## How to complete this task
Below are the records; extract from them the line containing "Tecdot 120w Retractable" to the line containing "- Ribbed V Neck", both lines included, exactly and with no pictures.

[Opening Material for this exercise section]

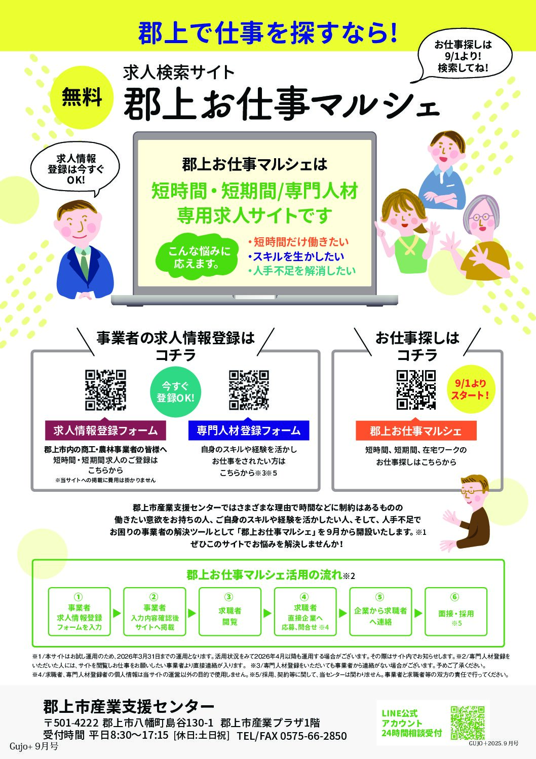お仕事マルシェチラシ(広報用) 【郡上お仕事マルシェ】9月1日より運用開始 「短時間・短期間だけ働きたい」「空いた時間を活かしたい」「自分のスキルや経験を活かしたい」そんな声に応える、新しい求人検索サイトがまもなく始まります。 子育て中の方、まだまだ元気なシニア世代、長期休暇の学生...
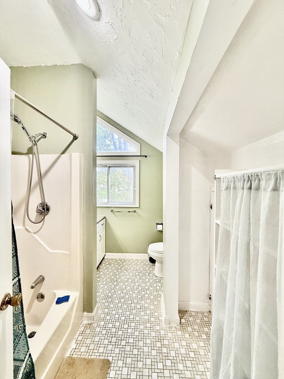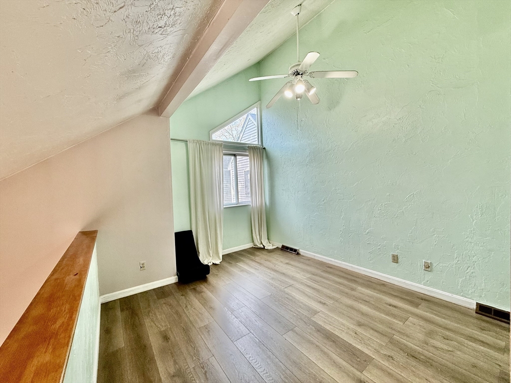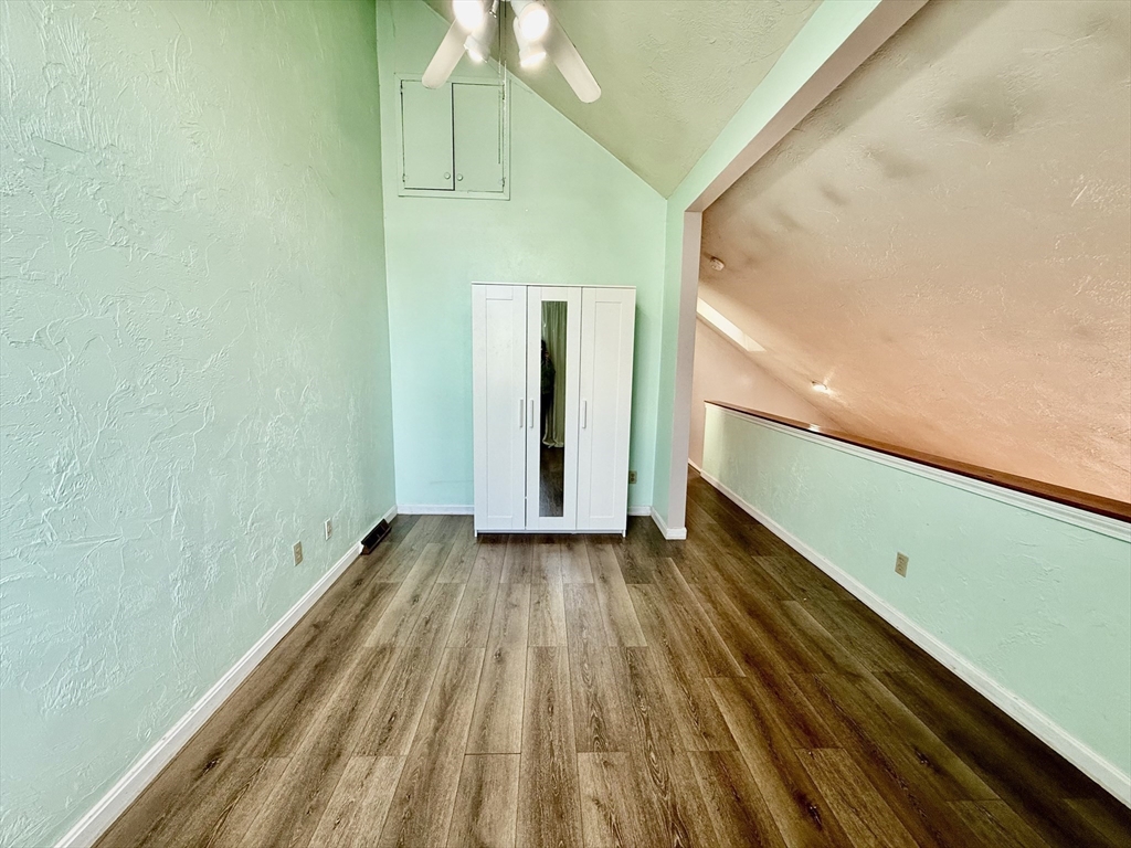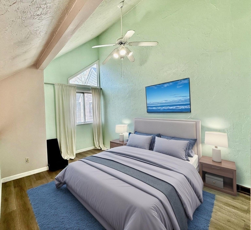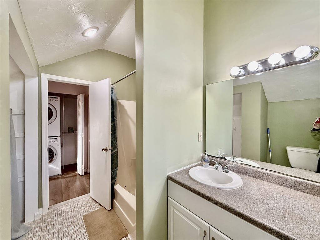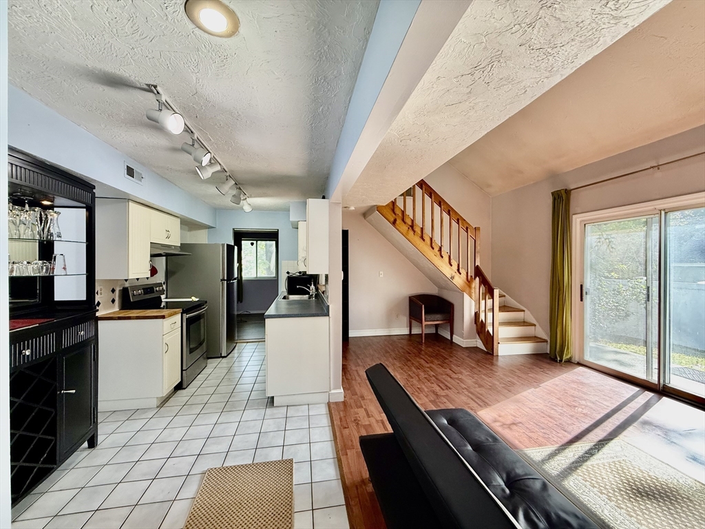 Available Now! Stylish 2BR/1BA loft-style end-unit townhouse in highly desirable Whitman Pond Village, Weymouth! Conveniently located near shopping, restaurants, and the E. Weymouth commuter rail. This bright home offers an open floor plan with vaulted ceilings, a cozy wood-burning fireplace, and sliding doors leading to a private fenced patio. The kitchen features new stainless steel appliances, a breakfast bar, and ample cabinet space. The first-floor bedroom includes double closets, while the loft-style second bedroom has a skylight and ceiling fan. Enjoy the convenience of in-unit laundry, central AC, a walk-in storage shed, and deeded parking (#28). Ideal for couples or young professionals seeking comfort and convenience!
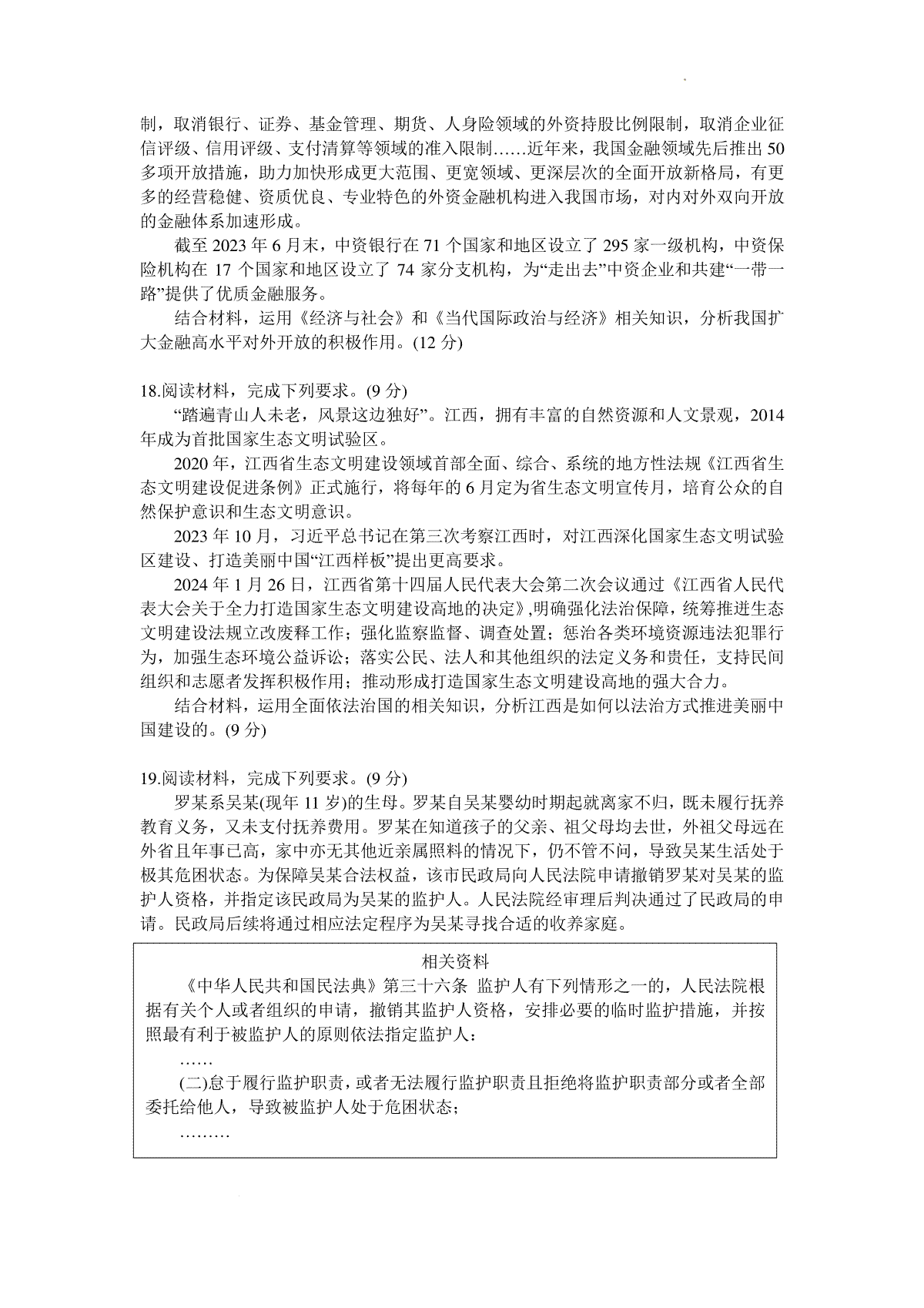 一、2024届江西省高三下学期二轮复习阶段性检测(二模)政治试题
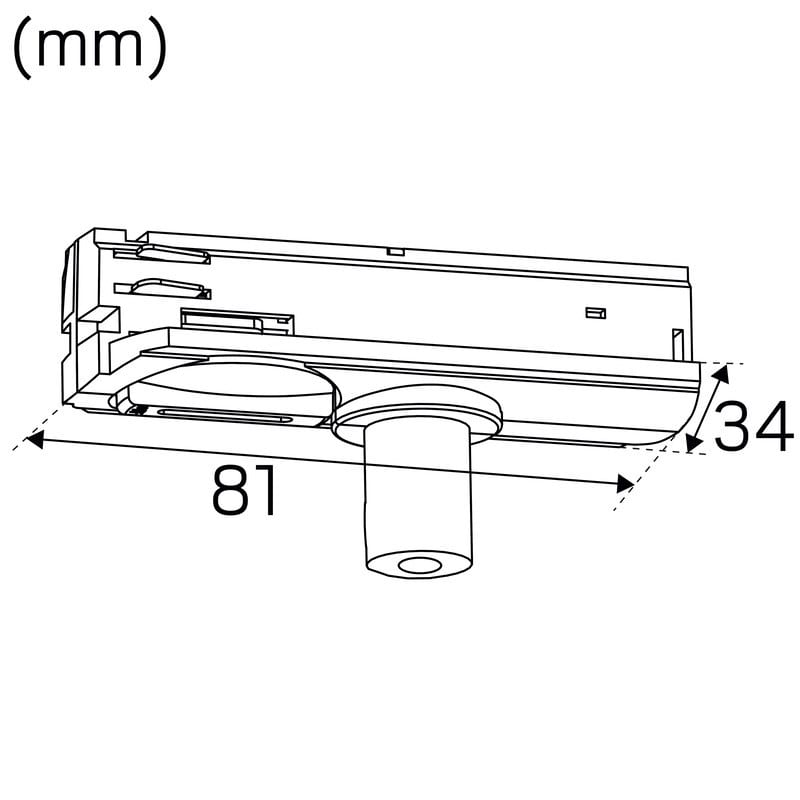 Adapteri vedonpoistolla. 1-vaihe Valkoinen. LiteTrac-kiskojärjestelmään.
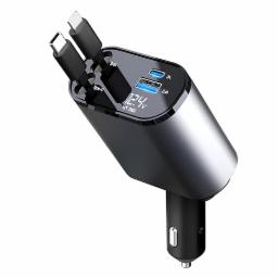 Tecdot 120w Retractable Type C/Type A 4 in 1 Car Charger Compatible with iPhone/Android Super Fast Charging Adapter with USB C Cable
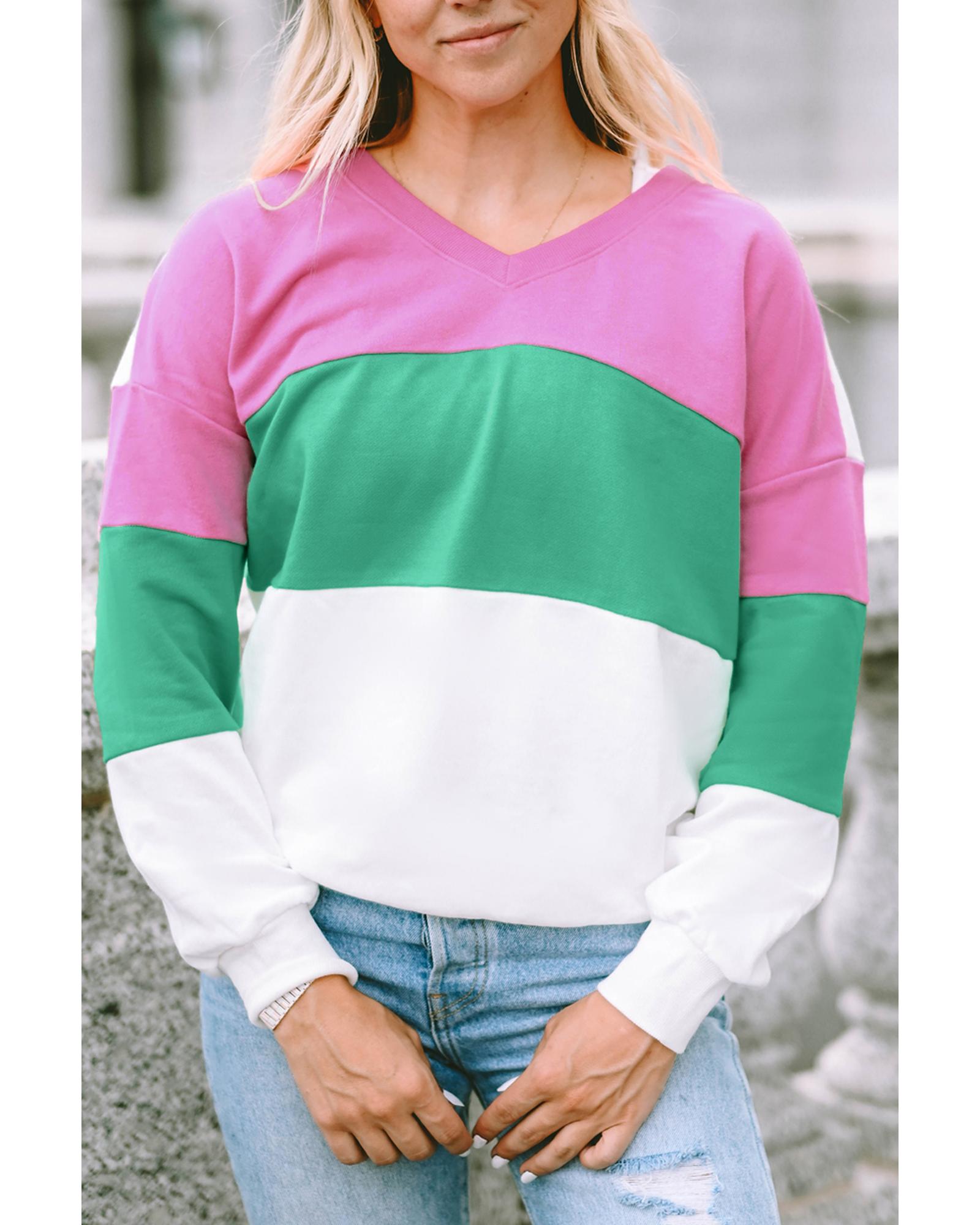 - Ribbed V Neck Color Block Patchwork Sweatshirt
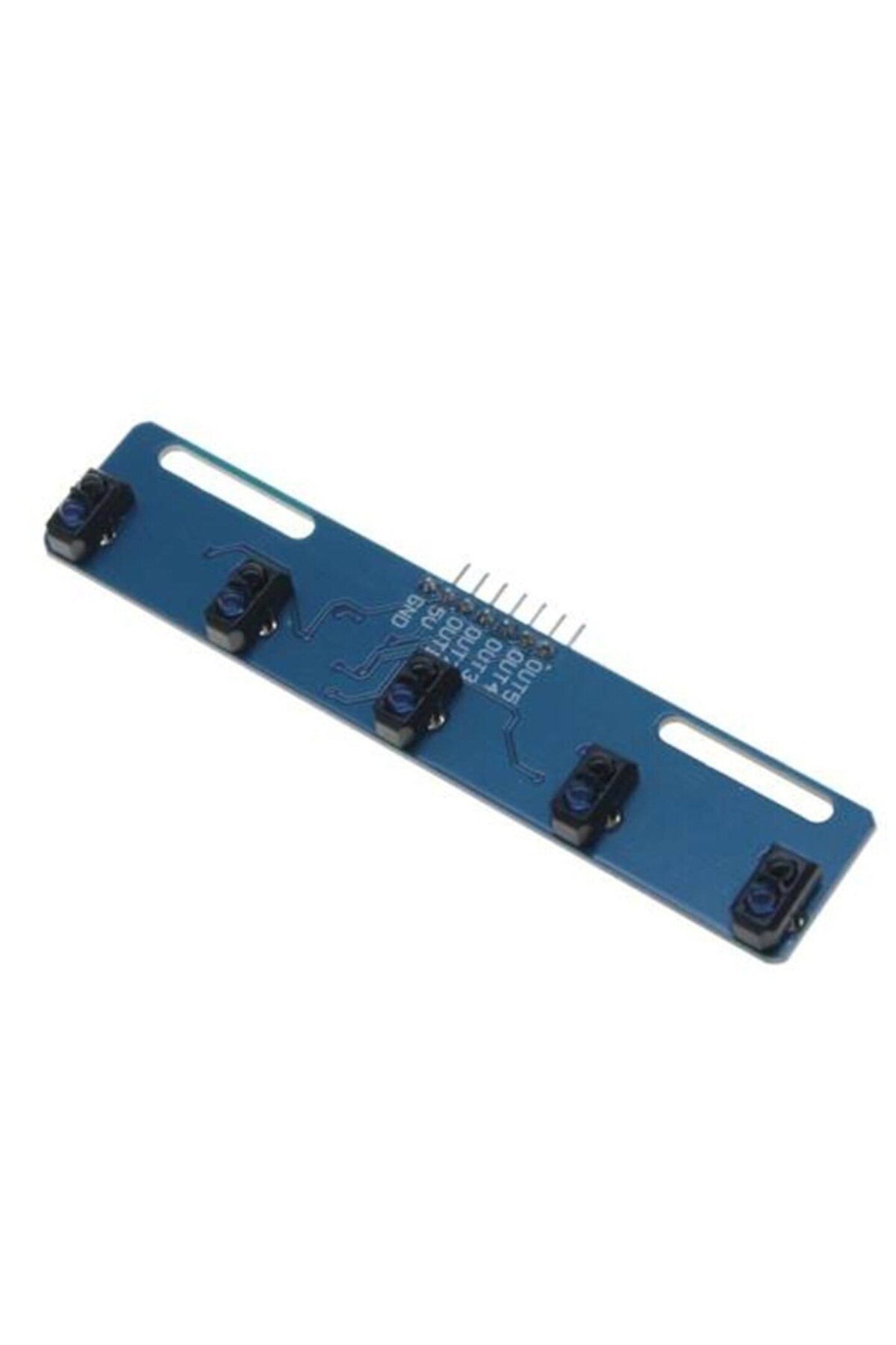 Teknik Özellikler: 1. ; Tip: 5-li Çizgi İzleme Sensörü 2. ; Boyut: 95mm x 20mm (LxW) 3. ; çip kullanın: 74HC14D 4. ; çalışma gerilimi: 3.3v-5v 5. ; Çıkış modu: dijital sinyal 6. ; Ölçüm mesafesi: 1CM-1.5CM 7. ; Algılama sondası: TCRT5000L 8. ; Algılama sinyali: siyah çizgi girişi düşük algılama, beyaz algılama 9. ; doğruluk, algılama aralığı çıkışı düşük seviyesinin ötesindedir. ; 10. ; LED durumu: siyah çizginin algılanması LED kapalı, beyaz çizgi LED ışığının algılanması Bağlantılar: 1.VCC: VCC, 3.3V ~ 5V voltajına erişebilen güç giriş portudur 2.GND: GND, güç kaynağının negatif girdisidir 3.OUT1 ~ 5: OUT, sinyal çıkış portu, MCU link I / O portudur.;
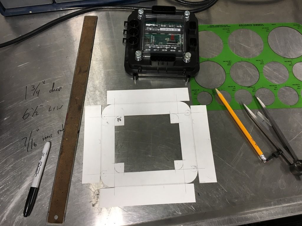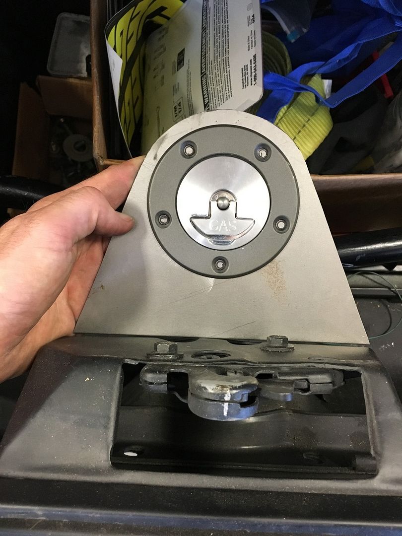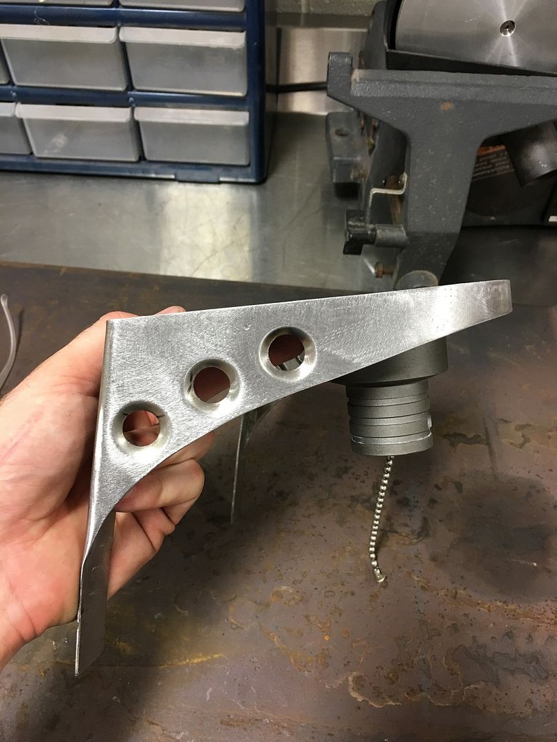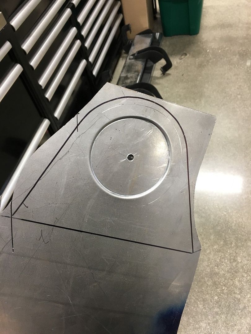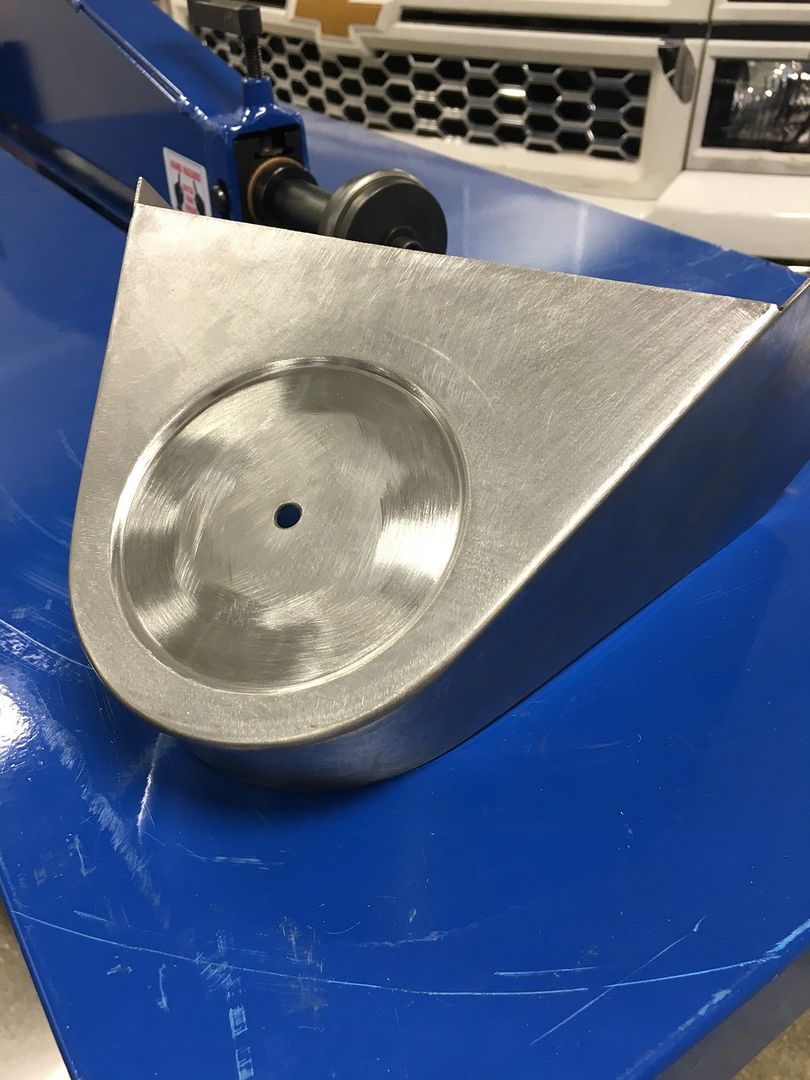 So I didn't like how my fuel filler came out. It's not bad, but it could be better. So I scrapped it and started over. The thing that bothered me to most was not being able to get a perfect circle recess. I thought about it last night and had an idea on how to make a perfect circle. After work tonight I cut some scrap 1/4" plate and made a pivot point. I'll refine it later for infinite adjustment for up to 14" circles with a slot and a carriage bolt.

[Closing Material for this exercise section]

## Answer to the exercise
 Tecdot 120w Retractable Type C/Type A 4 in 1 Car Charger Compatible with iPhone/Android Super Fast Charging Adapter with USB C Cable
 - Ribbed V Neck Color Block Patchwork Sweatshirt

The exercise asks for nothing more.